(Dataset entries)
......

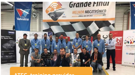
ATEC, training provider, Portugal

Teachers Vocational learners Young people
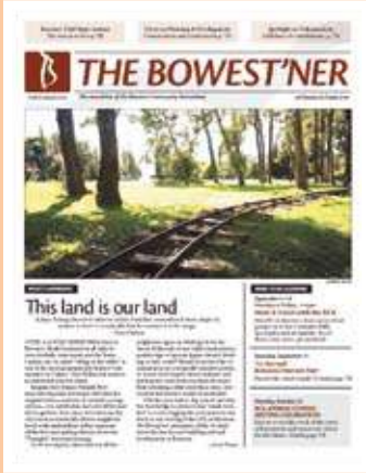
September/October Issue of the Bowest'ner

Respondents to the Bowness Vital Signs survey expressed concern about how difficult it was to find out what was going on in the community. By providing a revitalized Bowest'ner, the Bowness Community Association has taken action on this issue. The first edition of the new Bowest'ner appeared in residents' mailboxes in early July and was warmly received, judging from the positive feedback. Subsequent issues will be published and delivered bi-monthly. Between publications, the BCA will provide its members with updates via email; the first of these email newsletters went out in early October. The official website of the BCA ( www.mybowness.com ) is also designed to keep residents current with what's happening in the community.
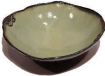
PARTY BOWL SB5 | $125

Approx: 5" x 17" x 12". Shown in Paradise Blue.
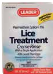
Lice Treatment Rinse (Permethrin) Item No. 1269
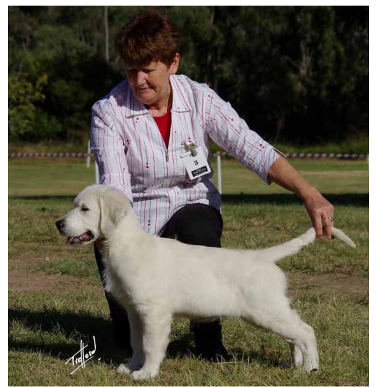
Baby in Show Kenzanne Trade Wins.
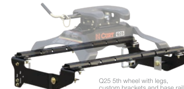
Q25 5th wheel with legs, custom brackets and base rails
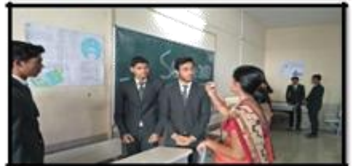
Judges while visiting posters
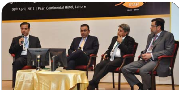
Panel discussion on "Conversation with Industry Leaders- Expectations & Perceptions of 2011 Outlook"
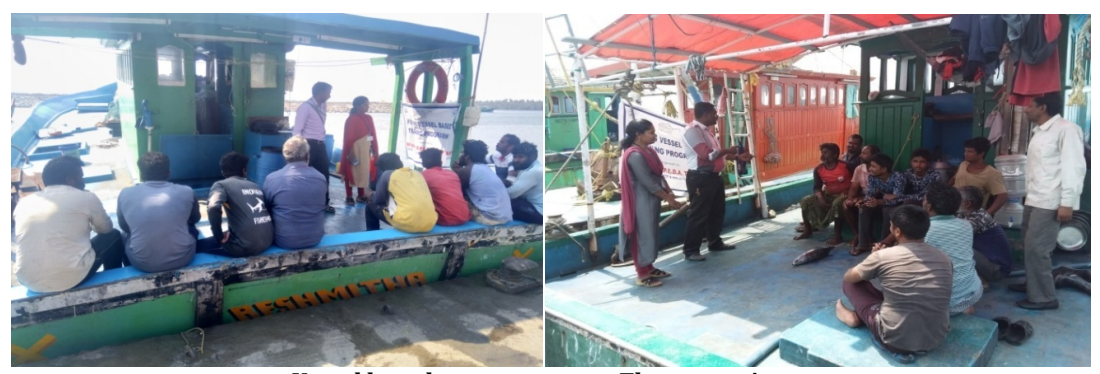
Vessel based programmes at Thengapattinam
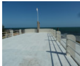
H0927 DRESSING PAVILION LHA 2015 3.JPG
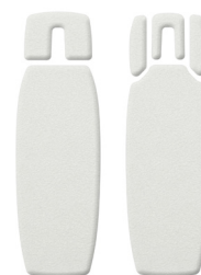
Upholstery options M2, M4

......

• Task instructions: Leaving out the pictures, please output the lines in the entries above from the one with "Lice Treatment Rinse" through the one with "Vessel based programmes at Thengapattinam", exactly as they are.

• Written response:
Lice Treatment Rinse (Permethrin) Item No. 1269
Baby in Show Kenzanne Trade Wins.
Q25 5th wheel with legs, custom brackets and base rails
Judges while visiting posters
Panel discussion on "Conversation with Industry Leaders- Expectations & Perceptions of 2011 Outlook"
Vessel based programmes at Thengapattinam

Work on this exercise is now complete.